Problem: Work out the number of possible letter combinations from letters in a given word. Example: Using the British English dictionary on Ubuntu (/usr/share/dict/british-english) we can make 159 words with all the letters from the word "planets".
Given the word "planets", we have a total of 7 letters to work with. We need to work out the number of unique combinations of letters we can make i.e permutations. To do this we use http://discrete.openmathbooks.org/dmoi2/sec_counting-combperm.html (also see https://en.wikipedia.org/wiki/Summation) which gives us something like:
(7, 7) -> 7*6*5*4*3*2*1 (in other words: 7!)
(7, 6) -> 7*6*5*4*3*2
(7, 5) -> 7*6*5*4*3
(7, 4) -> 7*6*5*4
(7, 3) -> 7*6*5
(7, 2) -> 7*6
(7, 1) -> 7
Rewritten to:
7! + (7*6*5*4*3*2) + (7*6*5*4*3) + (7*6*5*4) + (7*6*5) + (7*6) + 7
5040 + 5040 + 2520 + 840 + 210 + 42 +7 = 13699
Therefore, all the letters that make up the word "planets" can be arranged in 13699 different ways. Note: my solution treats duplicate letters as unique which causes problem that I will fix sometimes in the future.
Initially I figured that brute forcing all the permutations could be done within a reasonable amount of time, however soon enough it dawned on me that as the sample size increases the brute force approach grows exponentially inefficient. This is because after some time it starts to generate already identified permutations making it less and less likely to find the missing ones. In other words the chances of generating the very last permutation is about the same as the second permutation being exactly the same as the very first one. This way the odds of finding the very last permutation decrease significantly as the word size increases. With small word sizes this is not a problem.

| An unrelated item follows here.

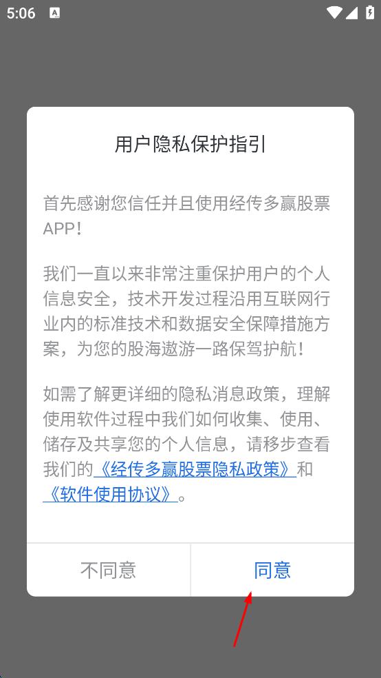 1、進入經傳多贏股票APP后,會彈出用戶隱私保護指引界面,點擊“同意”按鈕,進入登錄頁面。

This appraoch tries to minimize the number of iterations so that they match the number of permutations. Each cycle should generete a new and unique permutation. It's more confusing to understand and debug, but it's significantly faster.

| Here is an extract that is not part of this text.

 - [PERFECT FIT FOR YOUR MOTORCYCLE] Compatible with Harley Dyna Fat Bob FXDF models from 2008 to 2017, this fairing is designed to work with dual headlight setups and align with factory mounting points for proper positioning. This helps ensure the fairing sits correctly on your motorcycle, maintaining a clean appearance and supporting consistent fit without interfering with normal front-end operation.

| | | | | | |---|-d--|---|---|---| | | d | | | | | | d | | | | | | d | | | |
The results are broken down by CPU and method. I've selected a 9-character long word for the test.

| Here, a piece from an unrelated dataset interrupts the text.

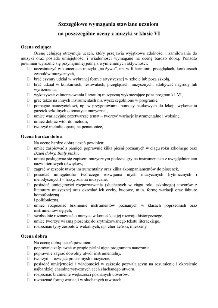 Szczegółowe wymagania stawiane uczniom na poszczególne oceny z muzyki w klasie VI Ocena celująca Ocenę celującą otrzymuje uczeń, który przejawia wyjątkowe zdolności i zamiłowanie do muzyki oraz posiada umiejętności i wiadomości wymagane na ocenę bardzo dobrą. Ponadto powinien wyróżnić się przynajmniej jedną z wymienionych aktywności: uczestniczyć w koncertach muzyki „na żywo”, np. w filharmonii, przeglądach, konkursach zespołów muzycznych, brać czynny udział w wybranej formie artystycznej w szkole lub poza szkołą, brać udział w konkursach, festiwalach, przeglądach muzycznych, zdobywać nagrody lub wyróżnienia, wykazywać zainteresowania literaturą muzyczną wykraczające poza program kl. VI, grać także na innych instrumentach niż wyszczególnione w programie, pomagać nauczycielowi, np. w przygotowaniu pomocy naukowych do lekcji, wykonaniu gazetek szkolnych o tematyce muzycznej, umieć wariacyjnie przetwarzać temat – tworzyć wariacje instrumentalne i wokalne, umieć dobrać wtór do melodii, tworzyć melodie opartą na pentatonice, Ocena bardzo dobra Na ocenę bardzo dobrą uczeń powinien: umieć zaśpiewać z pamięci poprawnie kilka pieśni poznanych w ciągu roku szkolnego oraz Dzień dobry, Biały ptaku, umieć posługiwać się zapisem muzycznym podczas gry na instrumentach z uwzględnieniem nazw literowych dźwięków, zagrać w zespole utwór instrumentalny oraz kilka akompaniamentów do piosenek, posiadać umiejętności twórczego rozwijania myśli muzycznych (rytmicznych i melodycznych) – frazy, zdania muzyczne, posiadać umiejętności rozpoznawania (słuchanych w ciągu roku szkolnego) utworów z literatury muzycznej oraz określać ich cechy, budowę, m.in. formę wariacji oraz fakturę homofoniczną i polifoniczną, umieć rozpoznać brzmienie instrumentów poznanych w klasach poprzednich oraz instrumentów dętych, swobodnie rozmawiać o muzyce w kontekście jej rozwoju historycznego, umieć tworzyć własną piosenkę do zrytmizowanego tekstu literackiego, rozpoznać typy zespołów wokalnych, np. chór żeński, mieszany. Ocena dobra Na ocenę dobrą uczeń powinien: poprawnie zaśpiewać w grupie pieśni ujęte programem nauczania, poprawnie zagrać dowolny utwór instrumentalny, tworzyć – rozwijać proste myśli muzyczne, posiadać umiejętności i wiadomości w zakresie pozwalającym na rozumienie i określenie najbardziej charakterystycznych cech słuchanego utworu, rozpoznać brzmienie większości poznanych utworów, rozpoznać formę wariacji w słuchanych utworach, rozumieć znaczenie większości terminów muzycznych z programu nauczania klasy VI. Ocena dostateczna Ocenę dostateczną otrzymuje uczeń wówczas, gdy bierze udział w procesie lekcyjnym na miarę swoich możliwości oraz uczestniczy w wybranych formach działalności muzycznej. Ponadto opanował określone umiejętności i wiadomości podstawowe, a mianowicie: umie zaśpiewać pieśni o średnim stopniu trudności, uzupełnia podane takty w metrum złożonym z uwzględnieniem poznanych wartości rytmicznych i pauz (cała nuta z kropką, ćwierćnuta z kropką, ósemka z kropką i odpowiadające im pauzy), wyjaśnia pojęcia: metrum złożone, akord, triada, wariacje, pentatonika, z pomocą nauczyciela gra na flecie lub dzwonkach proste fragmenty melodii, próbuje dobrać do piosenek prosty akompaniament perkusyjny, rozpoznaje brzmienie kilku poznanych instrumentów, zna wartości nut i pauz, rozpoznaje muzykę solową, zespół kameralny, chór, orkiestrę, rozpoznaje słuchem gamę durową i molową, zna podstawowe, najważniejsze wiadomości na temat stylów z historii muzyki, posiada niezbędną wiedzę o formach muzycznych potrzebną do słuchania muzyki. Ocena dopuszczająca Ocenę dopuszczającą otrzymuje uczeń, który w ograniczonym zakresie opanował ustalone umiejętności i wiadomości podstawowe. Wykazuje pozytywny stosunek do przedmiotu i potrafi wykonać z pomocą nauczyciela najprostsze zadania: podejmuje próby śpiewania lub recytuje tekst piosenki, gra na flecie lub dzwonkach pojedyncze dźwięki, próbuje powtarzać najprostsze ćwiczenia rytmiczne, usiłuje grać najprostsze akompaniamenty perkusyjne do łatwych melodii, odróżnia muzykę solową od zespołowej, chóralną od orkiestrowej, współczesną od dawnej, wymienia niektóre terminy muzyczne. Ocena niedostateczna Ocenę niedostateczną uczeń otrzymuje tylko w sytuacjach wyjątkowych, tzn. mimo usilnych starań nauczyciela uczeń ma negatywny stosunek do przedmiotu oraz posiada bardzo duże braki z zakresu ustalonych podstawowych wymagań edukacyjnych, dotyczących wiadomości i umiejętności przewidzianych dla danej klasy. Mimo pomocy nauczyciela nie potrafi i nie chce wykonać nawet najprostszych poleceń wynikających z programu danej klasy. Nie prowadzi również zeszytu przedmiotowego (zeszytu ćwiczeń). Uwaga! Na ocenę dopuszczającą i dostateczną uczeń spełnia zgodnie z zatwierdzonym programem wymagania podstawowe, a na ocenę dobrą i bardzo dobrą – wymagania ponadpodstawowe

Skipped because of length: 33146, Skipped because chars don't exist in provided word: 68028. Total skipped: 101174
Number of possibilities: 986409
Number of Random iterations: 39691600
Figuring out all the permutations took 34.957715773s
Traversing tree took 21.390154ms
Found a total of 264 words.
Skipped because of length: 33146, Skipped because chars don't exist in provided word: 68028. Total skipped: 101174
Number of possibilities: 986409
Number of Random iterations: 59485463
Figuring out all the permutations took 23.754992341s
Traversing tree took 74.642873ms
Found a total of 264 words.
Skipped because of length: 33146, Skipped because chars don't exist in provided word: 68028. Total skipped: 101174
Number of possibilities for length of 9 is 986409
Number of possibilities for length of 10 is 9864100
Number of possibilites generated: 10976173
Number of iterations to generete all permutations: 10976173
Time to generete all permutations 881.606448ms
Traversing tree took 5.53395ms
Found a total of 264 words.
Clearly the recursive approach is significantly faster as in the example above it finishes genereting all the permutations in 881ms compared to brute force which took close to 24 seconds.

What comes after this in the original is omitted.